Yeah, this book was basically those two mixed up. We follow Kitty, an extra (a second child to a lower caste family) who has been rated a III during her testing and assigned a lovely new job as a sewer cleaner in Denver. Except she’s madly in love with Benjy, an untested guy who is sure to get a VI and be rich and powerful. So she decides to become a prostitute, only to be bought her first night by the Prime Minister and Masked (see: plot to Face Off) to replace his niece, Lila, who was supposedly murdered to keep her rebellion against the castes quiet.
Things happen, secrets are revealed, and we get a genre-typical ending. Not once does this book stand out from the crowd, except by having a heroine with a unique problem (dyslexia) and being strangely exciting when the sh*t hits the fan in ridiculous ways.
STEREOTYPICAL VILLAIN FOR THE WIN
Where this book failed the most for me, though, was the fact that the characters as a whole never came alive, except for our heroine Kitty. She came alive for the sole fact she was a revolving door of naïve thoughts followed by knowing more than any teenager would just by guessing. Our villains, Prime Minister Daxtor Hart and his mother Augusta, are the typical villains of Law and Order – the ones that happily admit their evil plots, their evil plans, and their evil machinations to our heroine, simply because they can, or to rub it in his face.

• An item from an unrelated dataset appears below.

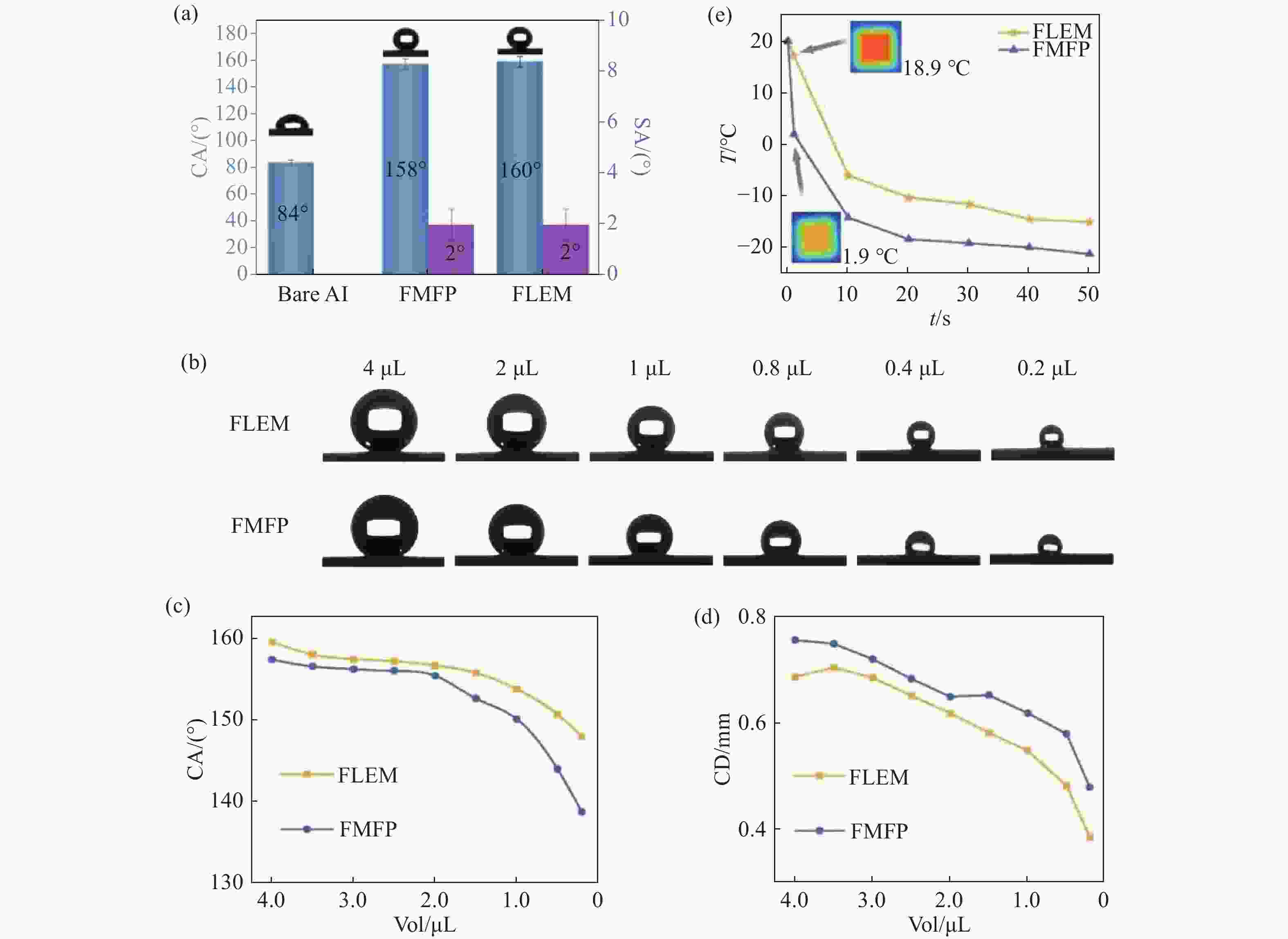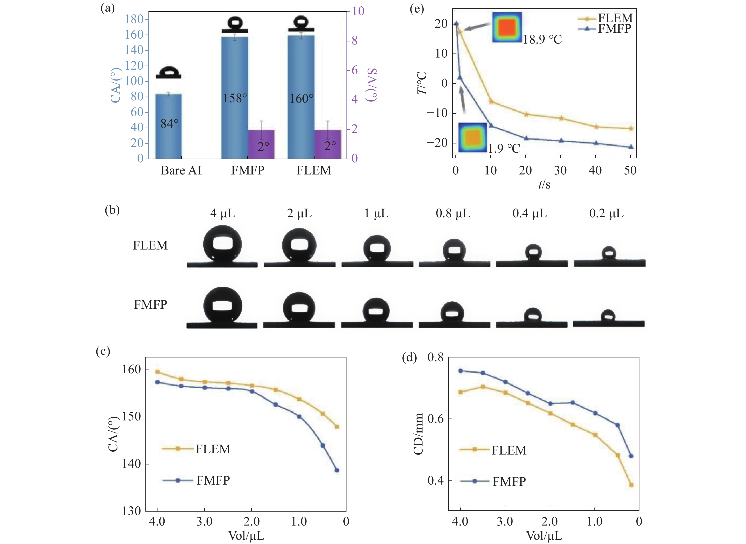 Figure 2. Characterizations of the superhydrophobic and anti-icing performance of different samples (indoor conditions). (a) Measured contact angle (CA) and sliding angle (SA) for three different surfaces. (b) Time-evolution of the droplet volume on the FLEM and FMFP surfaces during the evaporation experiment. Measured CA (c) and CD(d) variations with the water droplet volume. (e) Measured heat transfer efficiencies of the FMFP and FLEM samples placed on a Peltier cooling plate

I liked that Kitty was dyslexic, but I couldn’t truly believe that she could get away with so much of what she did with her inability to read. From memorizing speeches that would make Shakespearean actors proud in the space of a few hours to punching in codes to free people, it just felt off considering the emphasis placed on the fact she can’t read. Beyond her, characters such as Knox and Benjy were never fleshed out well, other than Knox being creepy and Benjy being weirdly accepting of his one true love turning into a basic clone of a famous girl.
But hey, you know what this book had going for it? When the reveals started flying, it got weirdly entertaining in the sense that you don’t know what crap is going to revealed next. Now that’s fun stuff.
VERDICT: Falling short on every level, PAWN is another entry into a crowded genre that doesn’t stand out in any way. Skip it.